Step 6. Forming a structured brief
Based on the collected information, the AI solution generates a logically organized document with a description of the task, requirements, goals, and input data.
Step 7. Transfer to the manager
The finished report is transferred to the responsible manager for future processing.
Step 8. Continuing communication
The manager joins the process with a full understanding of the client's needs, proceeds to discuss the details of cooperation and estimate the cost.
Technology stack
We developed the solution as a holistic system with consistent logic for processing requests and integration with the company's internal resources.
- AI agent architecture → the server side is implemented in Python, and process automation is via n8n.
- Natural language analysis → understanding customer messages and highlighting key intentions based on OpenAI models.
- Knowledge base search → access to the company's internal expertise through the Qdrant vector database using the RAG approach.
- Cloud processing → performing calculations on remote servers to guarantee continuity.
- Telegram Bot API → interaction with customers through a bot in the messenger using the Telegram API.
Business value
- Reducing the burden on managers – the system takes care of the initial communication and collection of basic data.

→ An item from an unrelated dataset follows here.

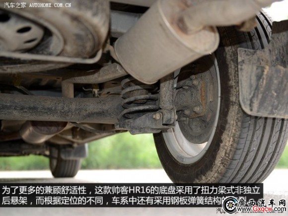 為了提供良好的舒適性,這輛帥客HR16并沒有采用鋼板彈簧懸架,而是采用的扭力梁后懸架,減振器和螺旋彈簧的組合在經(jīng)過坑洼路面或者減速帶時對于振動的吸收顯然要比鋼板彈簧更好。不過由于試駕時間短暫,所以我們沒有對它的底盤做更為細致的體驗,總體感覺它的隔音和高速穩(wěn)定性兩方面都令人滿意。

- Determining the quality of a lead – the availability of input data and the relevance of the request are immediately determined.

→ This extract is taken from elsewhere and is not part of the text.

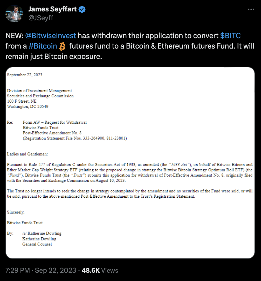 Компания Bitwise отозвала заявку на преобразование существующего фьючерсного биткоин-ETF Bitwise Bitcoin Strategy Optimum Roll ETF в фонд, инвестирующий во фьючерсные контракты на BTC и Ethereum.

- Automation of starting qualification – all applications undergo a single evaluation algorithm.
- Acceleration of lead processing – the time from first contact to the manager starting work is reduced.
- Improving the quality of technical tasks – the manager receives a systematized and complete description of the task.
- Conversion growth – the share of requests that turn into real projects increases.
- Standardization of communication – the process of interaction with users is unified regardless of the contact channel.
Implementation results
The implementation of an AI agent has made it possible to automate the initial qualification of customers and translate it into a systematic, managed process. This significantly shortens the sales cycle, reduces the operational burden on the team, and increases the efficiency of managers. As a result, the business receives a more predictable process of processing requests and higher efficiency of conversion into projects.